As shown by an investigation by the Center for Investigative Journalism of Serbia (CINS), in the past ten years the EPS has paid almost 15.8 million Euros in penalties for not using the 13 loans obtained from various banks and international agencies. The Tax Council has also warned of the irresponsible use of the funds obtained on loan, but to date the Serbian government has not provided any explanation as to why the interventions planned to raise environmental standards are slow or have not even started.

Revolutionary measures

In the wake of public concern, the Serbian government has announced "revolutionary measures", including incentives for the purchase of electric cars and the replacement of fossil fuels with biomass. There was also talk of the intention to speed up the construction of gasification plants, to encourage the replacement of coal and diesel heating systems with pellet ones, to replace the filters in thermoelectric power plants, to introduce stricter rules on the technical controls of the vehicles, to ban the import of Euro 3 category vehicles, and to intensify forestry operations.
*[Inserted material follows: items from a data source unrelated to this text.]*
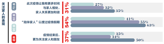 相比年轻一代的90后、80后高净值人群,此次疫情映射出70后高净值人群更加重视家人/朋友的亲密关系。35%的70后高净值人群认为疫情让自己“有更多时间与家人相处,家人关系更加和谐”、“陪伴家人”(63%)是自己度过疫情假期的主要方式且疫情结束后自己要“更为关注家人和朋友”(50%)。
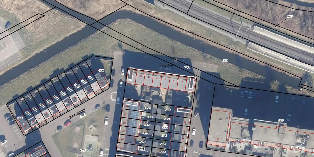 Het perceel waarop Zijspoor 9 staat heeft een oppervlakte van 872 m². Dit is een groot perceel. De perceeloppervlakte wordt geregistreerd door het Kadaster. Gedetailleerde informatie over de maten van dit perceel kunt u vinden in het rapport Kadastrale kaart met maatvoering van Zijspoor 9.
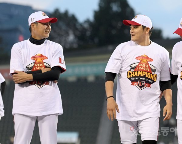 5일 서울 잠실야구장에서 ‘2022 신한은행 MY CAR KBO리그’ SSG 랜더스와 두산베어스 경기가 열렸다. 경기 전 진행된 SSG 정규 시즌 우승 트로피 시상식에서 김원형 감독과 추신수가 이야기하고 있다.
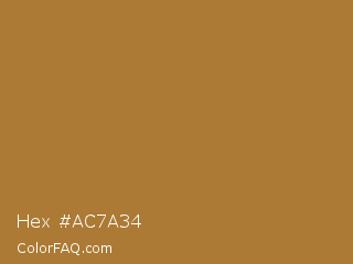 Hex #ac7a34 Color is a normal orange color and the nearest color is Copper #b87333. Hex code #ac7a34 and RGB value is rgb(172,122,52). In RGB color space, this color is composed of 67% red, 48% green, 20% blue, In CMYK color space, this color is composed of 0% cyan, 29% magenta, 70% yellow , 33% black , In HSL color space, this color has a hue angle of 35° , 54% saturation and 44% lightness.
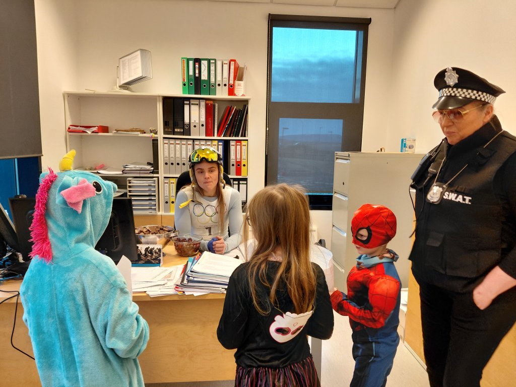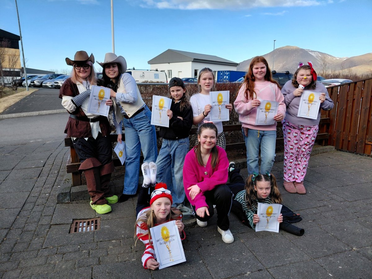 Það var skemmtilegt í Heiðarskóla í dag. Þeir sem vildu mættu í búningum og gaman var að sjá hve margir höfðu gaman af því.

In the meantime, Serbian citizens can just check the pollution levels through the applications installed on their smartphones, wear masks, and hope that the wind will rise or snow will fall which could "clean the air" and dissipate the unpleasant smell. In these days, when the air was literally visible in the areas affected by pollution and many citizens showed on social networks and television broadcasts the dirt that accumulated for days on their balconies, the competent authorities did not deem it appropriate to make themselves heard and provide citizens with useful advice on how to behave. Health Minister Zlatibor Lončar said there was no cause for panic and that pollution could not cause serious health problems as it would be due to the increase in the number of cars in Belgrade.

There are still no official data on the health consequences of this latest worsening of air pollution in Serbia. Some doctors interviewed by the media said that the consequences will be felt sooner or later. When the fog disperses and the air cleans up, another theme can be expected to replace the fear caused by pollution. In a poor country like Serbia, environmental issues do not elicit intense and constant reactions, even when it comes to obvious threats to health, such as those caused by air pollution. Proof of this is the fact that a petition launched by a civic initiative to ask for clean air has so far been signed only by 14,000 citizens.